* PROBLEM DETAILS: Lines before the one containing "Show your city" are not copied; that line and every one after it, through the end of the material below, are printed exactly, without pictures.

* DATA SEGMENT:
****************************************
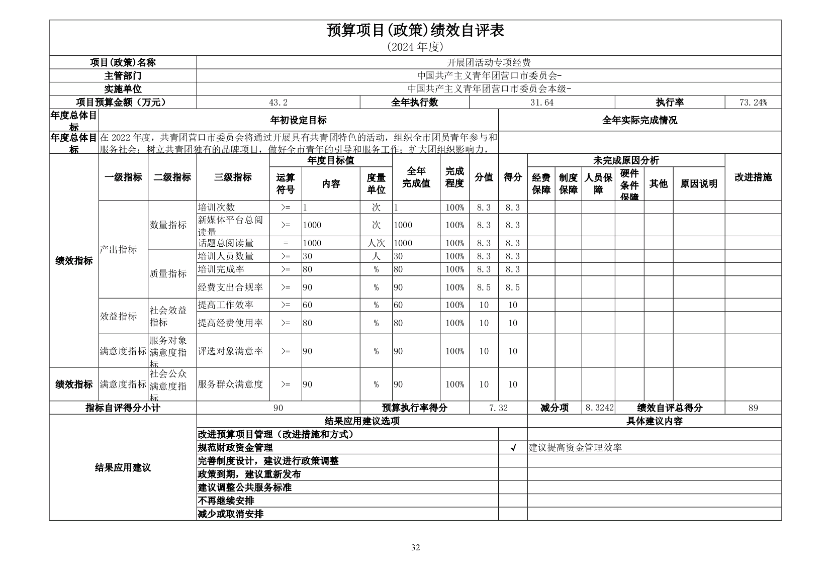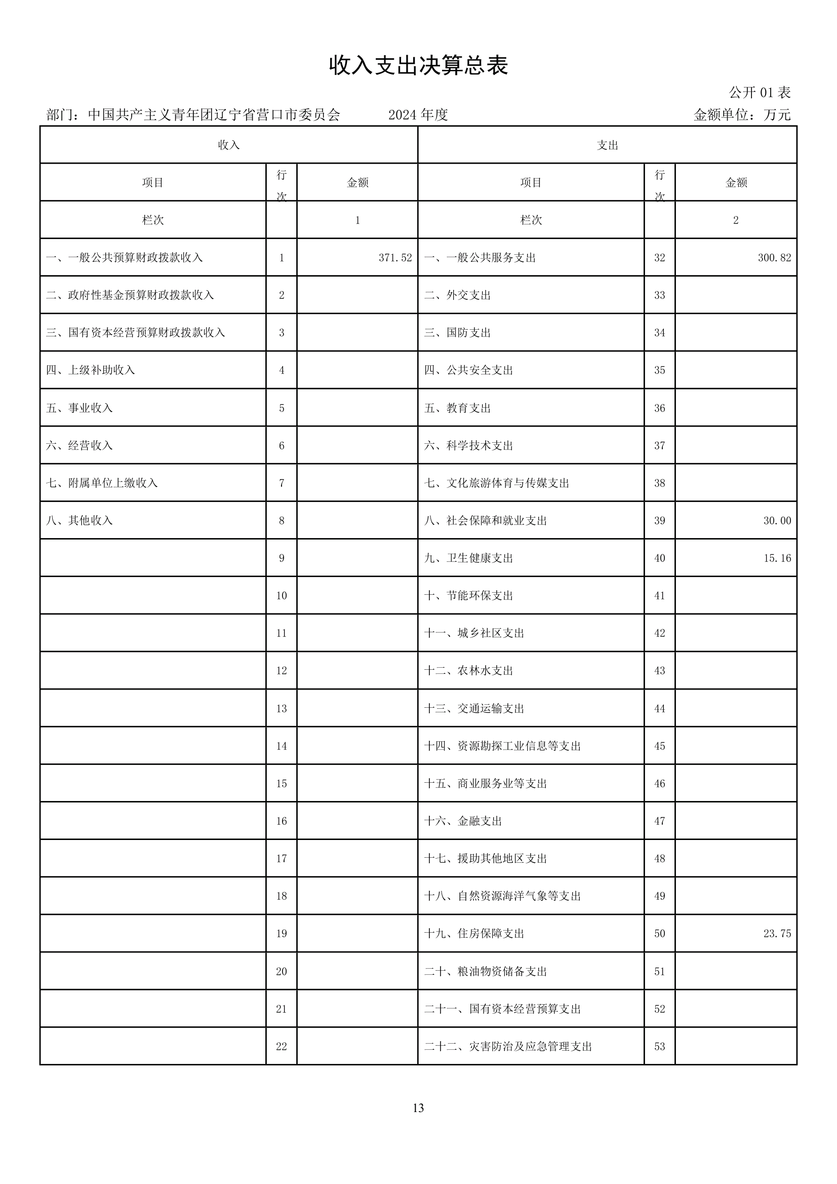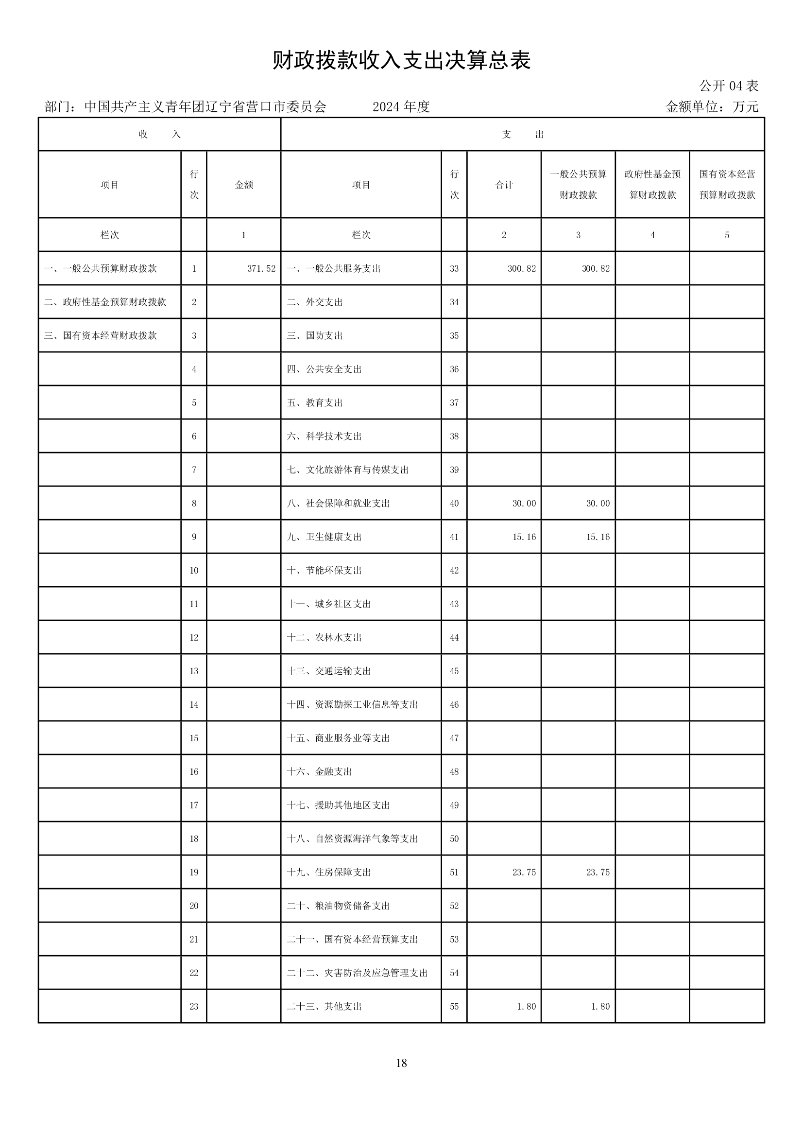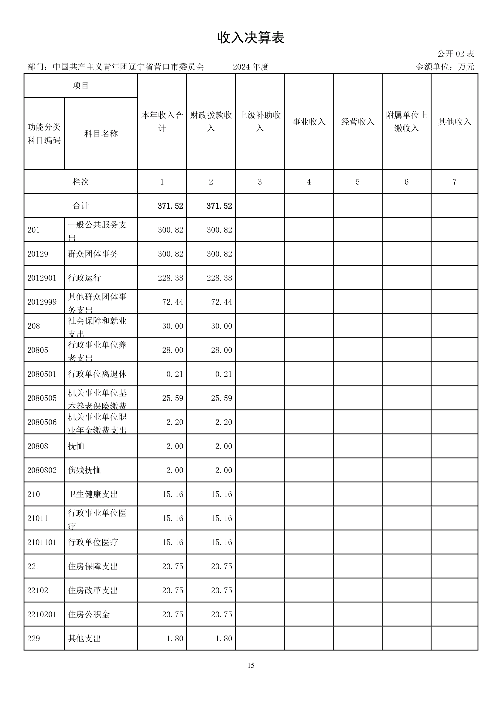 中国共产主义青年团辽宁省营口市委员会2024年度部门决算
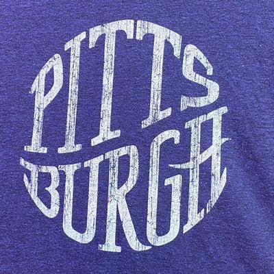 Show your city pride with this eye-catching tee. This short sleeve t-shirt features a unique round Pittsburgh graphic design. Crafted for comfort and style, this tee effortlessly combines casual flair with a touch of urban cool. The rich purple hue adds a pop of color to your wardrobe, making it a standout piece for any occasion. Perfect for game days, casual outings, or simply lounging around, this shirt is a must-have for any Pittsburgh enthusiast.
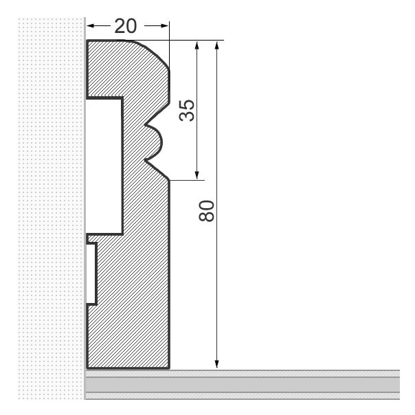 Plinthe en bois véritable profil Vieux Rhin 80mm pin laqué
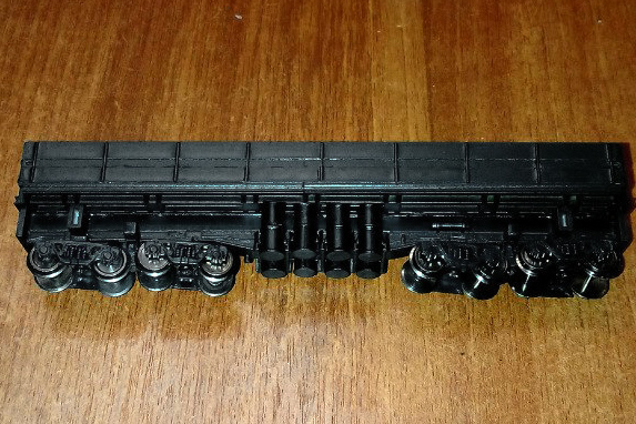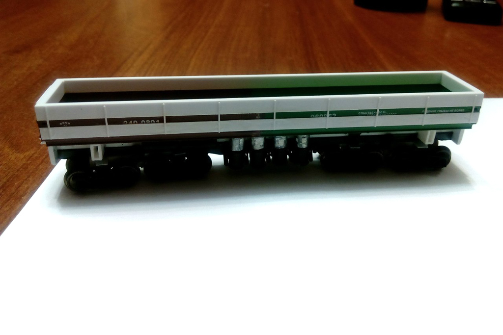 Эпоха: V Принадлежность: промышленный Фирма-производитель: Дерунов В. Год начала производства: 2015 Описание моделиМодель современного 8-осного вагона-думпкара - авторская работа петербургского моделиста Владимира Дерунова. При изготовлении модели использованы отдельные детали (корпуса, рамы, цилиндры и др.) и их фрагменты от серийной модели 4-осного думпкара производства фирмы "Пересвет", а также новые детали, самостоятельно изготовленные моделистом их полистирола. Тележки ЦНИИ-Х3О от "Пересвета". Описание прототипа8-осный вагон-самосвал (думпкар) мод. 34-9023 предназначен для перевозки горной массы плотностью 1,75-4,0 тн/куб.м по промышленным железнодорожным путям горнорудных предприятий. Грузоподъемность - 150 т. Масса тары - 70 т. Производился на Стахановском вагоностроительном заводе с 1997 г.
****************************************
* RESPONSE TO THIS EXERCISE:
 Show your city pride with this eye-catching tee. This short sleeve t-shirt features a unique round Pittsburgh graphic design. Crafted for comfort and style, this tee effortlessly combines casual flair with a touch of urban cool. The rich purple hue adds a pop of color to your wardrobe, making it a standout piece for any occasion. Perfect for game days, casual outings, or simply lounging around, this shirt is a must-have for any Pittsburgh enthusiast.
 Plinthe en bois véritable profil Vieux Rhin 80mm pin laqué
 Эпоха: V Принадлежность: промышленный Фирма-производитель: Дерунов В. Год начала производства: 2015 Описание моделиМодель современного 8-осного вагона-думпкара - авторская работа петербургского моделиста Владимира Дерунова. При изготовлении модели использованы отдельные детали (корпуса, рамы, цилиндры и др.) и их фрагменты от серийной модели 4-осного думпкара производства фирмы "Пересвет", а также новые детали, самостоятельно изготовленные моделистом их полистирола. Тележки ЦНИИ-Х3О от "Пересвета". Описание прототипа8-осный вагон-самосвал (думпкар) мод. 34-9023 предназначен для перевозки горной массы плотностью 1,75-4,0 тн/куб.м по промышленным железнодорожным путям горнорудных предприятий. Грузоподъемность - 150 т. Масса тары - 70 т. Производился на Стахановском вагоностроительном заводе с 1997 г.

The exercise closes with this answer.